‘Full speed to almost a full halt’: Winnipeg-based furniture retailer Dufresne lays off more than 1,000 staff

By | March 31, 2020

A retail furniture company based in Winnipeg has laid off more than a thousand employees after closing many of its stores due to the COVID-19 pandemic.

Dufresne Furniture operates stores in four provinces under the Dufresne name, as well as Ashley HomeStore.

“It’s been traumatic. We’ve gone from full speed to almost a full halt in a short time,” said CEO Mark Dufresne, adding two thirds of the company’s staff has now been laid off.

Fourteen Ashley HomeStore locations in Ontario have been closed, he said. That represents half of the 28 Ashley stores, with the remainder located in Manitoba, Saskatchewan and Alberta.

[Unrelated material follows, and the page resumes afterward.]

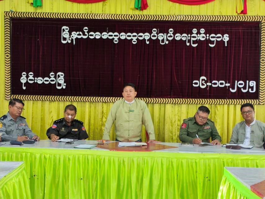၂၀၂၅ ခုနှစ်၊ အောက်တိုဘာလ ၁၆ ရက် နံနက် ၁၀ နာရီတွင် ကျိုင်းတုံခရိုင်၊ မိုင်းခတ်မြို့နယ် အထွေထွေအုပ်ချုပ်ရေးဦးစီးဌာနရုံး အေးချမ်းသာခန်းမ၌ ကျင်းပပြုလုပ်သည့် ၂၀၂၅ ခုနှစ်၊ ပါတီစုံ ဒီမိုကရေစီ အထွေထွေရွေးကောက်ပွဲတွင် မဲဆန္ဒရှင်စာရင်းမှန်ကန်စေရေးနှင့် အသက်(၁၈)နှစ် အထက် ဆန္ဒမဲ ပေးပိုင်ခွင့်ရှိသူများ စာရင်းမကျန်ရှိစေရေးလုပ်ငန်းညှိနှိုင်းအစည်းအဝေးသို့ မြို့နယ် စီမံခန့်ခွဲရေးနှင့်အုပ်ချုပ်ရေး ကော်မတီဥက္ကဋ္ဌ မြို့နယ်အုပ်ချုပ်ရေးမှူး ဦးဟန်ဝင်းလတ် ဦးဆောင်၍ မြို့နယ်ရွေးကောက်ပွဲကော်မရှင်အဖွဲ့ခွဲမှတာဝန်ရှိသူများ၊ သက်ဆိုင်ရာဌာနတာဝန်ရှိသူများ၊ ရပ်ကွက်/ ကျေးရွာအုပ်စုအုပ်ချုပ်ရေးမှူးများ နှင့်အတူ တက်ရောက်ဆွေးနွေးခဲ့ကြောင်း သတင်းရရှိပါသည်။

One store of the 14 under the Dufresne brand name — also located in Ontario — has been closed for now.

The Ontario government announced the mandatory closure of all non-essential businesses last week.

Under that order, retailers that sell “household consumer products necessary to maintain the safety, sanitation and essential operations of residences and businesses” can stay open.

Dufresne noted his company’s Ontario stores were selling furniture, but not appliances.

Manitoba has since announced a similar two-week closure of all non-essential services, effective Wednesday — but also allows an exemption for businesses selling goods “necessary for the safety, sanitation or operation of residences and businesses.”

Dufresne said the stores that remain open are primarily selling appliances, particularly because customers need to replace ones that break down.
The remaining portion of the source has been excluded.